• Work to complete: Starting at the line that contains "vector logo of", transcribe each line exactly through the end of the data below, and skip any pictures.

• Dataset extract:

-*-*-

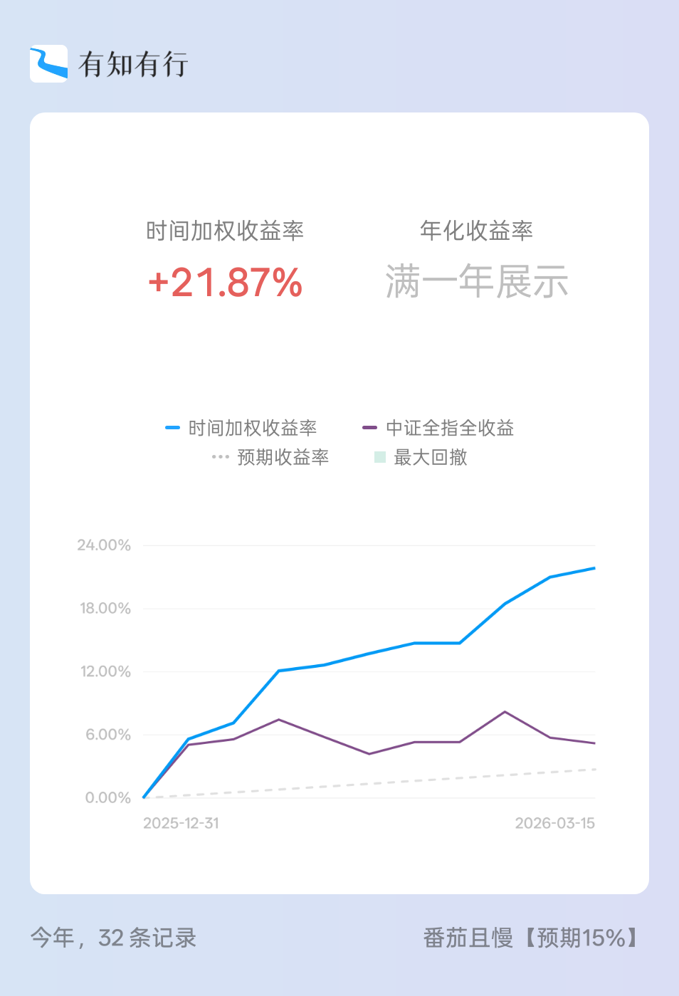 本周收盘,番茄组合2026年收益率:21%【当年最高21%、最低0%、最大回撤0%】。
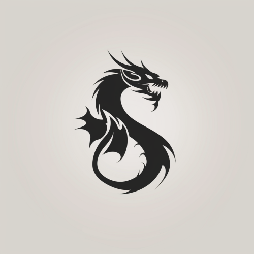vector logo of a full dragon body with long curved tail, the eyes are large , graphic design, minimalist stroke lines, black and white, abstract --stylize 250 --v 6.0
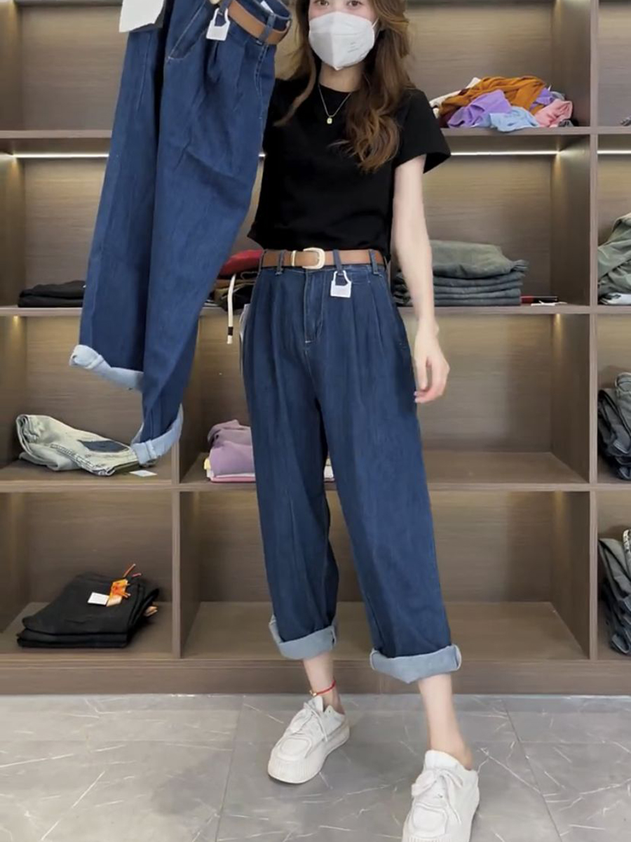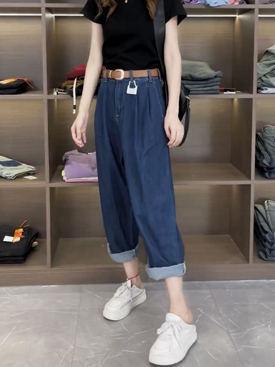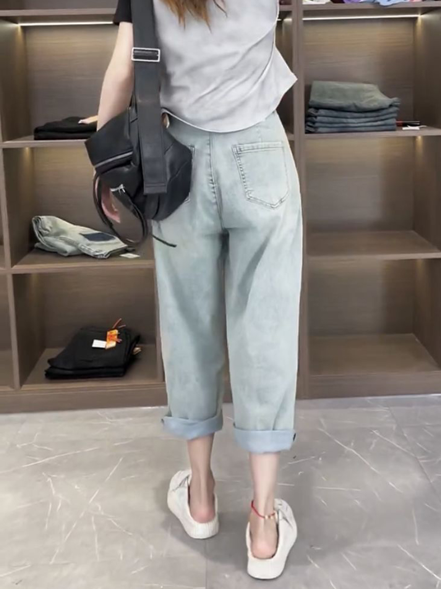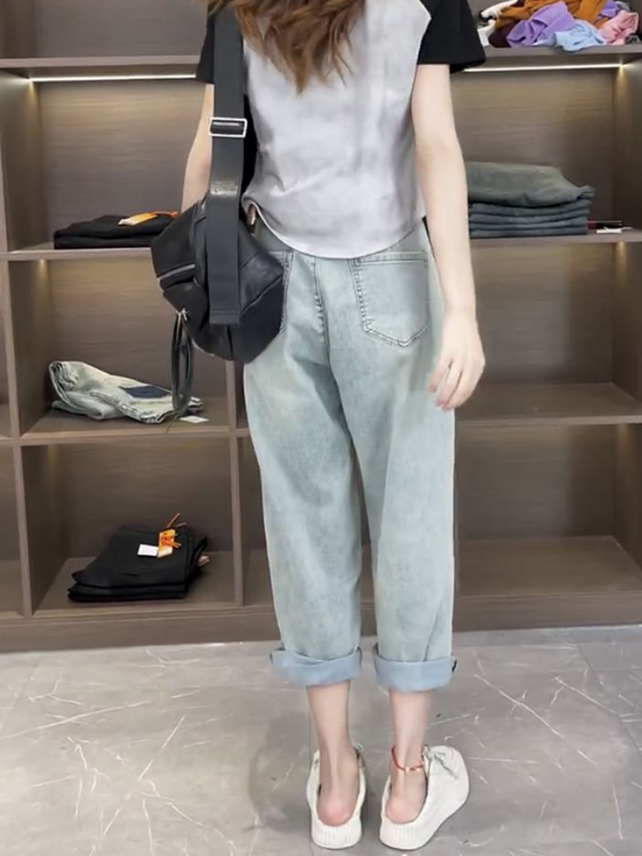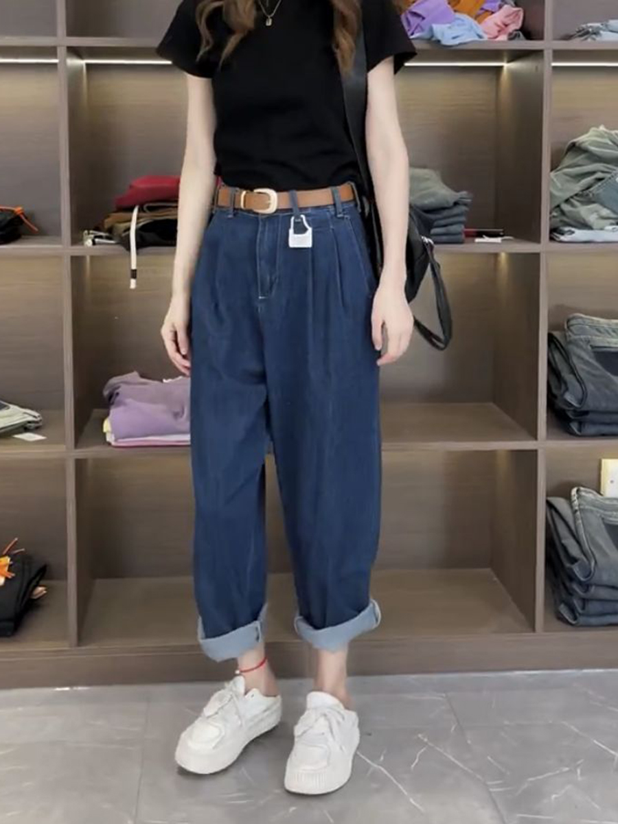 Джинсы, летние тонкие штаны, для формы тела «груша», большой размер, коллекция 2023

-*-*-

• Answer below:
vector logo of a full dragon body with long curved tail, the eyes are large , graphic design, minimalist stroke lines, black and white, abstract --stylize 250 --v 6.0
 Джинсы, летние тонкие штаны, для формы тела «груша», большой размер, коллекция 2023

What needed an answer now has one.